Berita

Muhadjir Effendy/Net

Wawancara

WAWANCARA

Muhadjir Effendy: Sehabis Rapat, Saya Dipanggil Wapres, Kalau Moratorium UN Ditolak, Ya Tidak Apa-apa

SABTU, 10 DESEMBER 2016 | 09:10 WIB | HARIAN RAKYAT MERDEKA

Bekas Rektor Universitas Muhammadiyah Malang ini tak mempersoalkan keputusan Presiden yang meno­lak wacananya untuk menghentikan sementara Ujian Nasional (UN).

"Ya kalau nanti (wacana peng­hapusan sementara UN) dibatal­kan, ya berarti Ujian Nasional diselenggarakan, itu saja. Saya kan hanya membantu Presiden dan Wapres," ujarnya.

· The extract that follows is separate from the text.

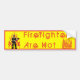 Silhouette of a uniformed firefighter surrounded by flames located on the left corner and the words "Firefighters Are Hot" in the middle, and some more flames on the right side all in a bright yellow background with a red border.

Kendati saat ini usulannya ditolak, Muhadjir tetap akan melakukan kajian yang lebih mendalam terkait penerapan UN, karena itu perintah Presiden Jokowi dalam rapat terbatas. "Selama ini UN itu di samping banyak positifnya kan juga ban­yak efek negatifnya. Jadi akan kami telaah secara seksama, supaya dampak-dampak negatif yang selama ini tidak dikehenda­ki bisa dikurangi semaksimal mungkin," paparnya. Berikut wawancara lengkapnya;


Kenapa anda tiba-tiba be­rencana melakukan morato­rium UN?

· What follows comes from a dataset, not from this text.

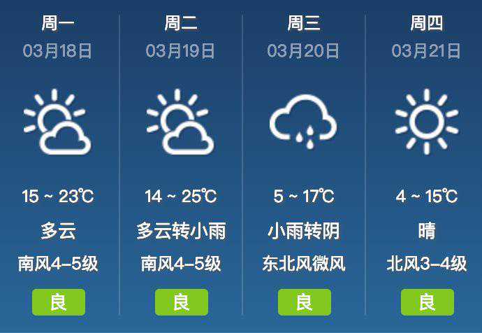今明两日,泉城将迎接今年最高气温,19日最高气温将达到25℃,春意越发明显。20-23日将有冷空气影响我市,这也是近期最为明显的一次冷空气活动,这股冷空气将终结这一段时间来,济南明显偏高的气温格局,最高气温累积降幅超过10℃,并且伴有小雨天气,预计白天气温将重回12℃左右。菌提醒各位:及时调整衣物,谨防感冒。

Gagasan moratorium UN sebenarnya muncul sebagai bagian dari rencana revisi pelak­sanaannya. Hal tersebut sejalan dengan program aksi Nawacita pemerintah, di mana salah satu programnya adalah mengevalu­asi pelaksanaan UN. Karena saya ini pembantu Presiden dan Wapres, ya saya melaksanakan visi beliau itu.

Kalau sesuai Nawacita kenapa ditolak Presiden?
Saya kurang tahu. Hanya saja sehabis rapat dengan Komisi X DPR, saya dipanggil Pak Jusuf Kalla. Dalam pertemuan yang berlangsung sekitar satu jam itu, Wapres memberikan banyak pengarahan untuk mengadopsi berbagai masukan dari berba­gai pihak, termasuk Komisi X DPR.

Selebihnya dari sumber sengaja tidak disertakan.